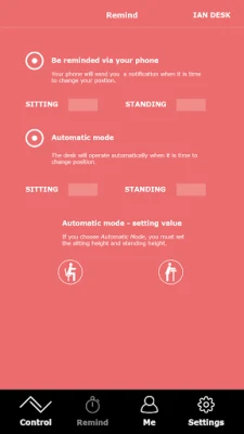 This Desk Control App is an app to be used together with your height adjustable desk. It will help you get the most out of your desk by reminding you to vary your position during the day. It can record the time you standing or sitting every day and calculate the calorie value consumed.Personalize the settings in the Desk Control App and it make you more healthy.
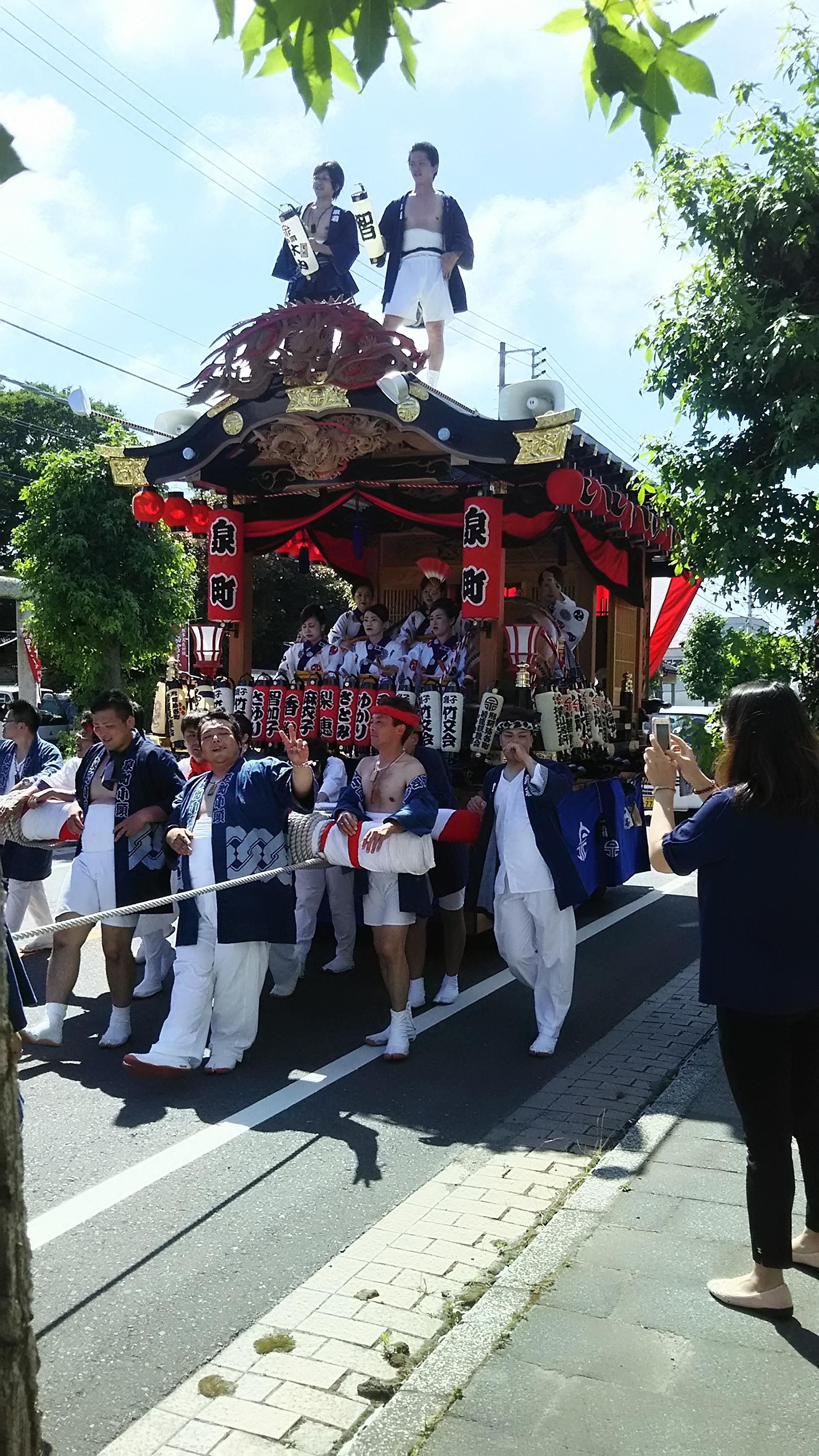 ギャラリー空さんのある場所は、那珂湊駅からお魚市場へ向かうメインストリートに面していて、この季節は、海水浴などのお客様でとても混雑している所なんです。しかも、今日は『那珂湊フェスタ』というお祭りも重なって、店の前を立派な山車が何台も通り過ぎて行きました。器を探しに来たのに、お祭りの山車を目の前で見ることができて、とても得した気分になりました!
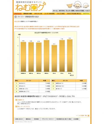 『ねむログ』は、起床時間と就寝時間を入力すると、起床・就寝時間やトータル睡眠時間がグラフで表示される無料登録制のwebサービスです。

———

* **WHAT TO PRODUCE**: This task calls for the lines from the line holding "ギャラリー空さんのある場所は" through the last line above, restated word for word with both ends included and the pictures dropped.

* **WRITTEN RESPONSE**:
 ギャラリー空さんのある場所は、那珂湊駅からお魚市場へ向かうメインストリートに面していて、この季節は、海水浴などのお客様でとても混雑している所なんです。しかも、今日は『那珂湊フェスタ』というお祭りも重なって、店の前を立派な山車が何台も通り過ぎて行きました。器を探しに来たのに、お祭りの山車を目の前で見ることができて、とても得した気分になりました!
 『ねむログ』は、起床時間と就寝時間を入力すると、起床・就寝時間やトータル睡眠時間がグラフで表示される無料登録制のwebサービスです。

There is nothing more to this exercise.